In article <25681@cs.yale.edu>, zenith@cs.yale.edu writes:
>a := b	means "assign the value of b to a".
>a = b	means "a is equal to b".
>
>The use of := distinguishes assignment from equality, thus prevents
>overloading a single operator and IMHO is a much nicer solution to the
>C hack == used to ovecome the same problem.

The people behind C *deliberately* changed the Algol operators
'=' and ':=' to '==' and '=' to save keystrokes - in most programs,
assignment is done much more often than comparison for equality, so,
quite in line with the philosophy behind C, they chose the shorter form
for the most common operation.

IMHO, using '=' for assignment isn't too bad - after all, that's the way
you do it in Fortran.

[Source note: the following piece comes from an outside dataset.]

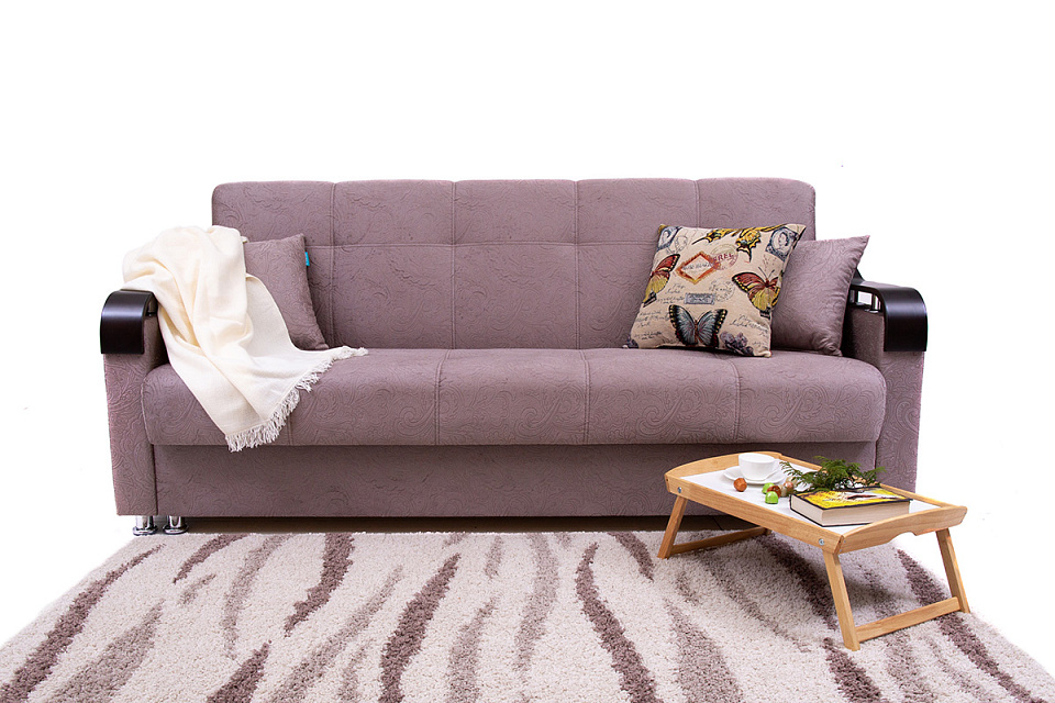 Диван-кровать Лидия — современная, удобная, простая модель. Сидение и спинка на основе пружинного блока. Основание сидения и спинки – пиломатериалы хвойных пород. Имеется емкость для постельных принадлежностей. Боковины диван-кровати съемные с декоративными накладками. В комплект входят 2 подушки. Может изготавливаться в разных цветовых решениях. Механизм трансформации — «книга»

The *real* drawback is that it's just too easy
to write
if (y=0) printf ("Division by zero"); else z=x/y;
instead of
if (y==0) ...
and get a quite unexpected result...

[For those who don't know C: The assignment 'y=0' is a perfectly legal
logical operator, with the value 0 (i.e. FALSE). So the code will
first assign 0 to y, then proceed to divide x by y...]

If you want to see a *really* ugly solution, have a look at Fortran,
where the comparison operators are written .EQ., .GT. and so on.

BTW, does anyone know the reason for this? In Algol and C, you *must*
have different operators, since e.g. the Algol statements

a := b := 1;  and  a := b = 1; 

mean two entirely different things ("assign 1 to both a and b" and 
"assign the logical result of the comparison b=1 to a", respectively).